The proof is a little bit long to write down so let me just sketch the main ideas here.
The main thing to notice is that there is really only one way to define $\tilde{T}$ as a continuous extension of $T$. Since $A$ is dense in $X$, for every $x \in X$ there is a sequence $x_n \in A$ such that $x_n \to x$. We want $\tilde{T}$ to be a continuous map such that $\tilde{T}|_A = T$ so we must have
$$\tilde{T}x = \lim_{n \to \infty} Tx_n.$$
So the thing to do is to make the above equation your definition of $\tilde{T}$ and check that it works. To do this you need to do a few things.
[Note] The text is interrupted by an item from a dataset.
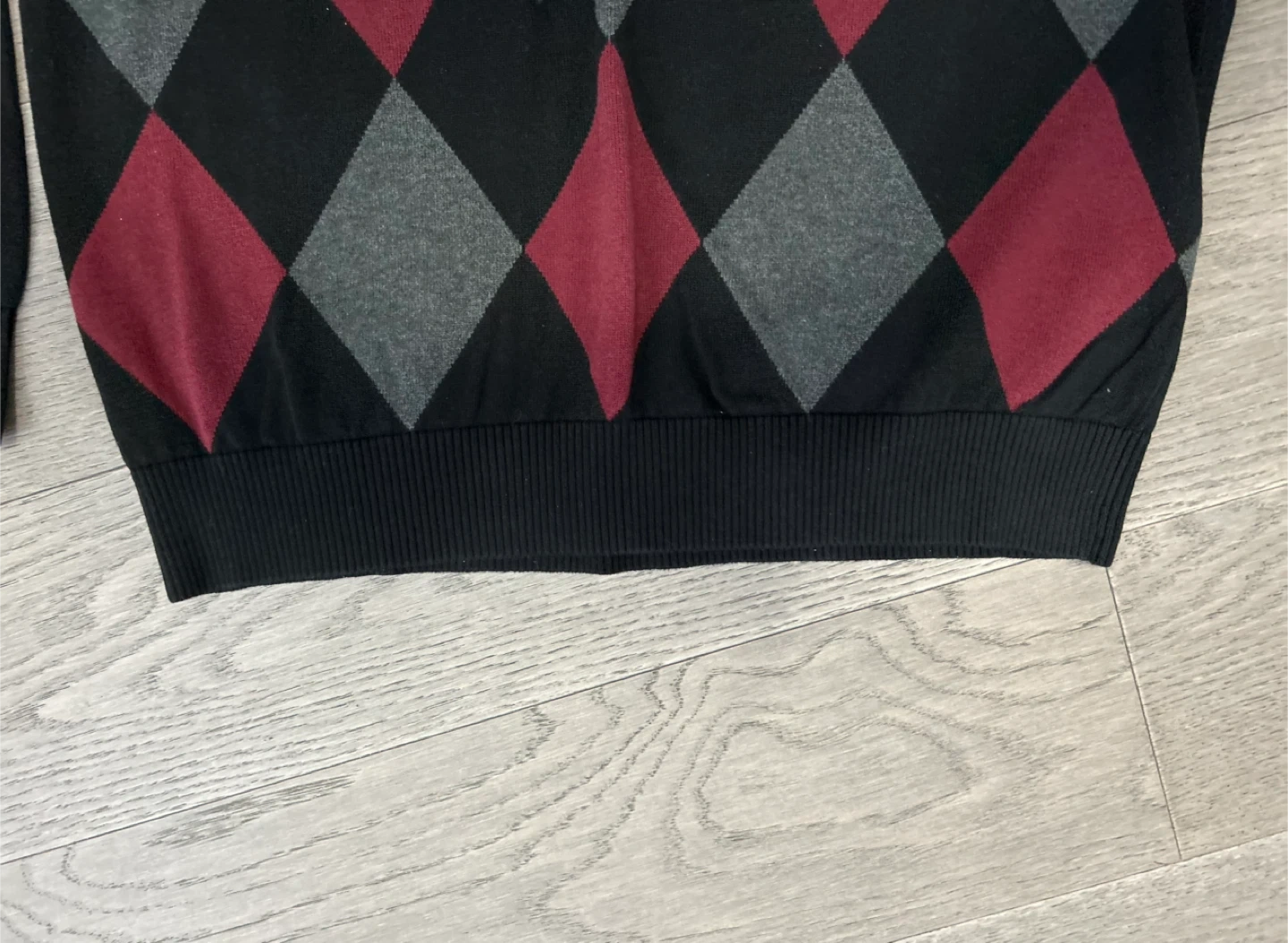 In great shape. 100% cotton. Features a classic argyle pattern in black, burgundy, and grey. Size large. Machine washable. Brampton, near Queen and Kennedy.

- Check that $\tilde{T}$ is well-defined. This requires us to check that the limit in the definition really exists (here you will use that $Y$ is complete) and that the limit is independent of the choice of sequence $x_n \to x$.
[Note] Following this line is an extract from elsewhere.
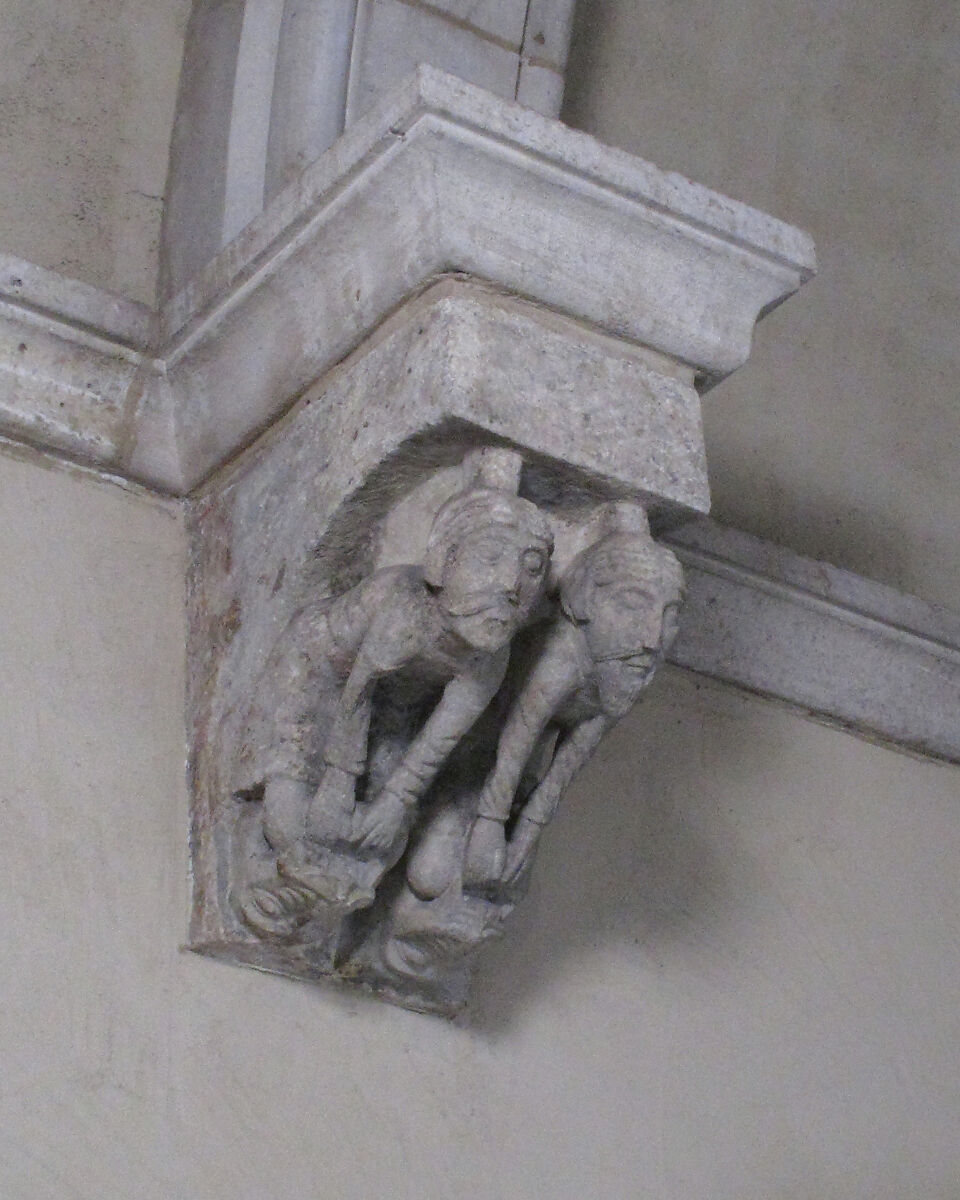Mischief and humor abound on the ten architectural supports set around the perimeter of this gallery. Naked grimacing acrobats wrestle and pull violently at each others’ beards; a snarling beast proudly claims a bone. Similar mischievous, and sometimes mystifying, motifs are often found on corbels set just under the eaves of the roof on the outside of a church.

- Check that $\tilde{T}|_A = T$ (consider constant sequences).
- Check that $\tilde{T}$ is linear (obvious from basic properties of limits).
- Check that $\tilde{T}$ is bounded. For this notice that $\|\tilde{T}x\| = \lim_{n \to \infty} \|Tx_n\| \leq \lim_{n \to \infty} \|T\| \cdot \|x_n\|$.
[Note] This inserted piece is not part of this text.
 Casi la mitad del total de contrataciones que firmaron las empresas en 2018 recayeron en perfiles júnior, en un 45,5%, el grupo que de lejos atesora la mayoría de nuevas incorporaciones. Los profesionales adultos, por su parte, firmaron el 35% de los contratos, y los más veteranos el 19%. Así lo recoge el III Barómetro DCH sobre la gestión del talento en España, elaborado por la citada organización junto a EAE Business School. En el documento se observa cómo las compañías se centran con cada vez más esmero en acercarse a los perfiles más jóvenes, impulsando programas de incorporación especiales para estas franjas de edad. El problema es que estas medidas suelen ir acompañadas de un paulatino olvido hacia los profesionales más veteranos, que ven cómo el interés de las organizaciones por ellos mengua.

In proving these four points, you should only ever need to assume the completeness of $Y$. All that remains is to see that completeness of $Y$ is in fact a necessary condition.
To do this consider $c_{00}$ as a dense subspace of $c_0$ (both with the $\infty$-norm). Then the identity map $I:c_{00} \to c_{00}$ has no continuous extension $\tilde{I}: c_0 \to c_{00}$.